If all Linux is to you is a place to run some application software, these choices are mostly irrelevant. As long as the software you care about continues to run, the other things are just picayune details. If this comes off as derisive, I apologize, because I'm actually broadly endorsing that view of things, as much as it is possible to achieve. But if you start really taking advantage of the things which the distribution provides out of the box and recommends, especially around large-scale multi-system operation, you end up buying into the distibution's choices. When a large organization you're a part of does it too, now the sunk costs really start to mount.

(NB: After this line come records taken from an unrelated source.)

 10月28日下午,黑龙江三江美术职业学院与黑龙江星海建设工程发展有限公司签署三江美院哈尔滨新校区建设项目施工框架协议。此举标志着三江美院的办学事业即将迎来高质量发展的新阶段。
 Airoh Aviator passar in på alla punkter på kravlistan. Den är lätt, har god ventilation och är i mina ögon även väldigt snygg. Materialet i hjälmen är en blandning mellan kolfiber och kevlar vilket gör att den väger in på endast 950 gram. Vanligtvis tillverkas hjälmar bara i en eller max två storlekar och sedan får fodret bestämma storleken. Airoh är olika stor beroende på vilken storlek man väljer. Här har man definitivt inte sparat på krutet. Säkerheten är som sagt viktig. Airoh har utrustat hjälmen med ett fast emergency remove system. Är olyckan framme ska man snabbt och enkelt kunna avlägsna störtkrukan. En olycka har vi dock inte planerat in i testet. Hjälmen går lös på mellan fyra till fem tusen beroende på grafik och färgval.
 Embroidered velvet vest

As the Linux ecosystem continues to evolve, especially in different directions than the distribution chose at the time, the cost of migrating to later releases grows. This is all a good reason to me to not marry oneself so tightly to those particular choices, but that isn't always feasible with deadlines and compliance requirements and so on bearing down on the sysadmin.

There's also an even bigger problem that can arise, the distribution can just end, such as the termination of CentOS, leaving lots of people hanging. In that case, I know some who started to pay Red Hat for RHEL, but most seem to have moved on to other distros, like Ubuntu. That kind of migration has a lot of the same issues, too, once again leaving me to recommend not to lean into the particulars too much.

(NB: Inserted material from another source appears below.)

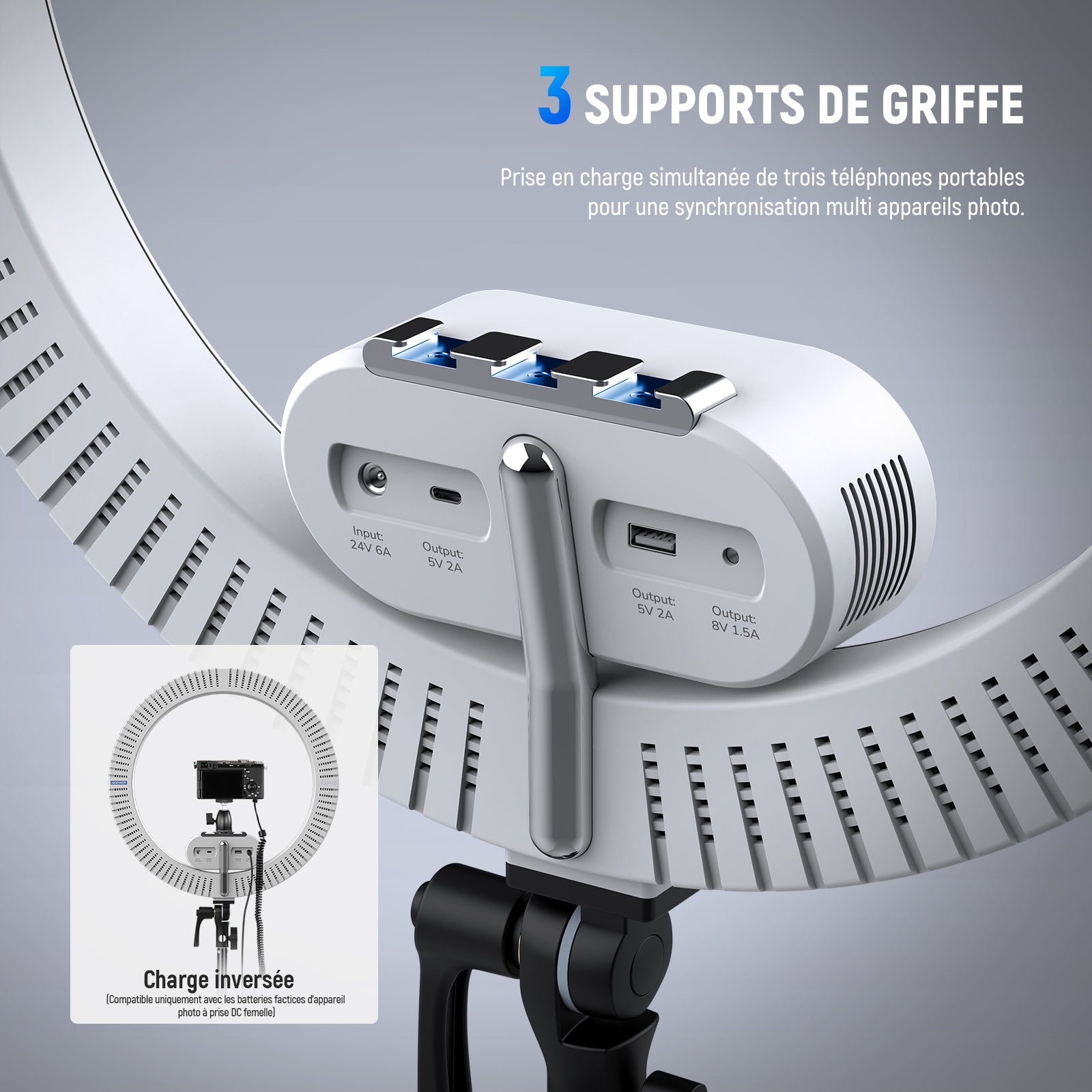 - 【3 Griffes Cold Shoe et 3 Supports Téléphone】 Avec 3 attaches à fente et 3 supports de téléphone flexibles, la lampe continue avec trépied est compatible avec les téléphones iPhone, Android et les caméras. Peut prendre en charge jusqu'à 3 téléphones simultanément pour l'enregistrement vidéo multi-angles, photos par le haut ou streaming sur plusieurs plateformes. Avec des ports Type C, USB et DC, la lumière annulaire prend également en charge la recharge inversée pour les téléphones, les ordinateurs portables et autres appareils compatibles, polyvalente pour les créateurs de contenu et les streamers

apache -> nginx. Python versions. postgres. All fine.
Did you crossgrade to Debian in-place?
What is it that people do that breaks so often due to lack of backwards compatibility from the OS?

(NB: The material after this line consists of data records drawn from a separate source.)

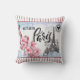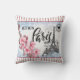 Söt Paris-temat dekorativ kudde med rand, Eiffel Torn, Cherry-Blommar och ett simulerat porto frimärke som lyder "Made with Kärlek". Välj storlek och struktur.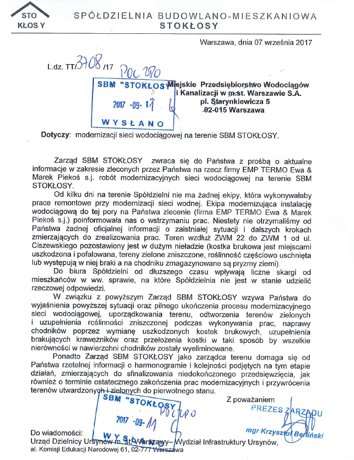 BIEŻĄCA INFORMACJA O MODERNIZACJI SIECI WODOCIĄGOWEJ PRZY UL. ZWM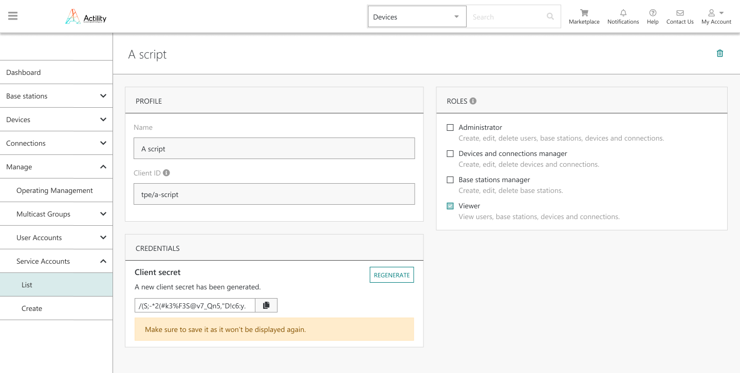Le secret client est affiché uniquement lors de la création initiale du compte de service, l'administrateur doit le copier à cette étape car il ne s'affichera plus sur l'interface graphique pour des raisons de sécurité. En cas de perte du secret client initial, l'administrateur peut régénérer un nouveau secret (également affiché une seule fois par l'interface graphique, lors de l'étape de régénération).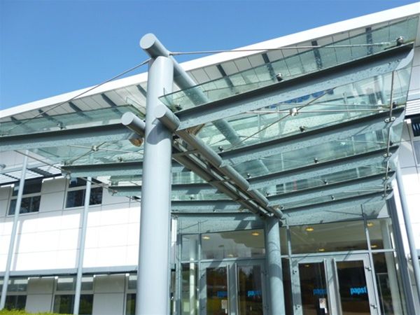 A gull wing style canopy fabricated with a mild steel frame, support columns and profiled T section support arms. Glazing was by the use of clear toughened safety glass panels held in place using stainless steel planar type fixing supports. The front running edges of the projecting arms were tied back to the main support steel by the use of stainless steel tension rod wires and couplers. Running down the central spine of the gull wing is an integral polyester powder coated gutter channel with suitable downpipes.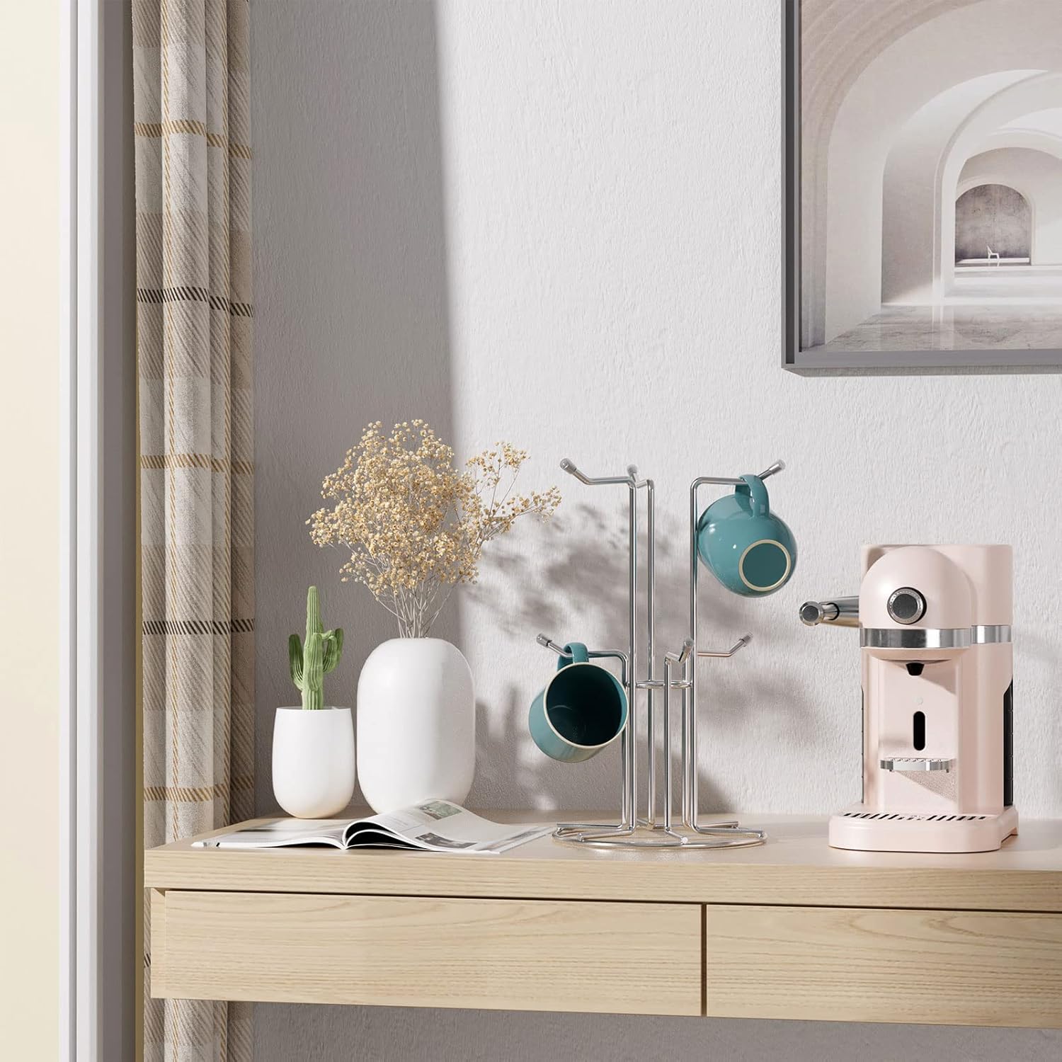 HULISEN Coffee Mug Holder for Countetop, Cup Tree for Counter Large Mugs with 6 Hooks, Metal Cup Holder Stand, Standing Rack Display for Coffee Bar, Silver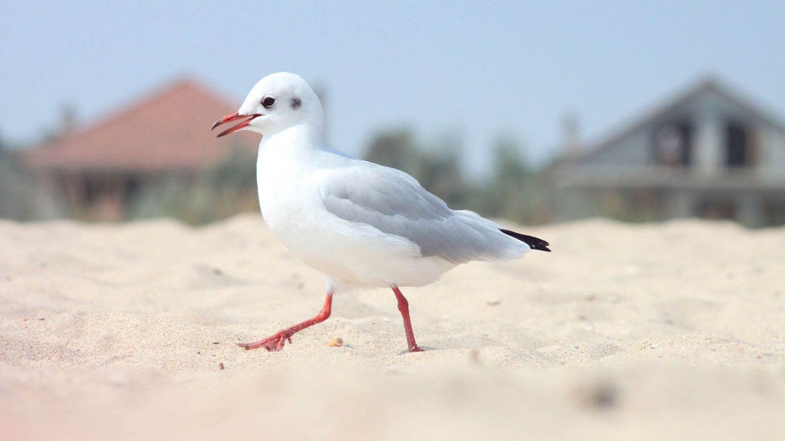 Description: A white bird with a red beak walking on sand near houses in the background and a blue sky in the background.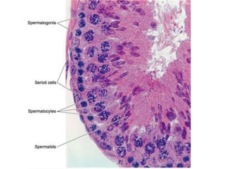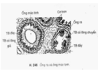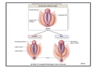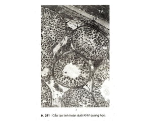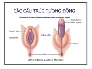 Tài liệu mô tả cấu trúc và chức năng của hệ sinh dục nam và nữ, nhấn mạnh vai trò của các cơ quan trong sự phát triển và sinh sản. Cơ quan sinh dục nữ bao gồm buồng trứng, vòi trứng, tử cung, âm đạo và các bộ phận khác, trong khi cơ quan sinh dục nam chủ yếu tập trung vào tinh hoàn và các ống dẫn tinh. Ngoài ra, tài liệu còn đề cập đến chu kỳ kinh nguyệt và các giai đoạn phát triển của tế bào trứng và tinh trùng.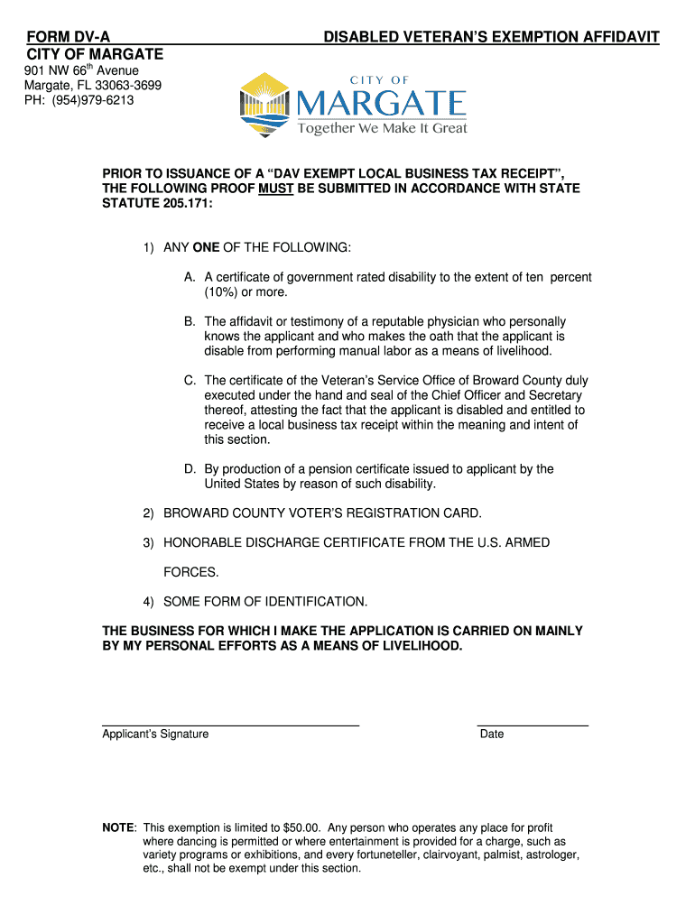 FORM DVA CITY OF MARGATE DISABLED VETERANS EXEMPTION AFFIDAVIT 901 NW 66th Avenue Margate, FL 330633699 PH: (954)9796213 PRIOR TO ISSUANCE OF A DAV EXEMPT LOCAL BUSINESS TAX RECEIPT, THE FOLLOWING

IMO, the lure of an LTS is that you don't need to keep testing if your computer is still working every week when a set of updates come. Not that things that your software depends on the details remain frozen. If your software depends on the details of something, you should add it as a dependency.

The bigger problem IMO is not that things break, it's that if you depend on one LTS release too heavily, and you wait too long to migrate from one LTS to another, everything breaks all at once.

What should be a gradual migration as new things develop turns into a singular nightmare.

What are you depending on the OS that isn't extremely backwards compatible?

Once in a decade you get something like a breaking upgrade of nginx, or the glibc debacle of 2003. That may take a person-week to fix[1], what can hardly be called "herculean".

1 - If you go with 1 person * 1 week, if you try to go with 7 people * 1 day, it will suddenly cost 7 person-weeks. But the only way upgrading is such a hurry is if you borked a lot of things prior to it.

Off the top of my head, some of the things that have broken at an LTS transition that I've been involved with are out-of-tree kernel module builds, C code using OpenSSL, Puppet config, Salt config, RPM specfiles, Python code, Perl code, Apache configs, shell scripts, Java code, bootloader configs, bootstrap scripts, and init scripts/configs (esp. sysvinit to systemd). Any one of these things is not a problem in isolation, the problem is due to having to fix all of them all at once. Too much complexity put into any one of them (often arising from external requirements or rushed implementations) also makes migrating harder. Waiting until the 11th hour on the EOL clock just adds to the stress of the process.

Many of my bad experiences were because of corporate policies and lack of proper prioritization at levels above system administration. However, the sysadmin does have some choice in the matter, especially when greenfielding. You can turn stability into a vice if you're not careful.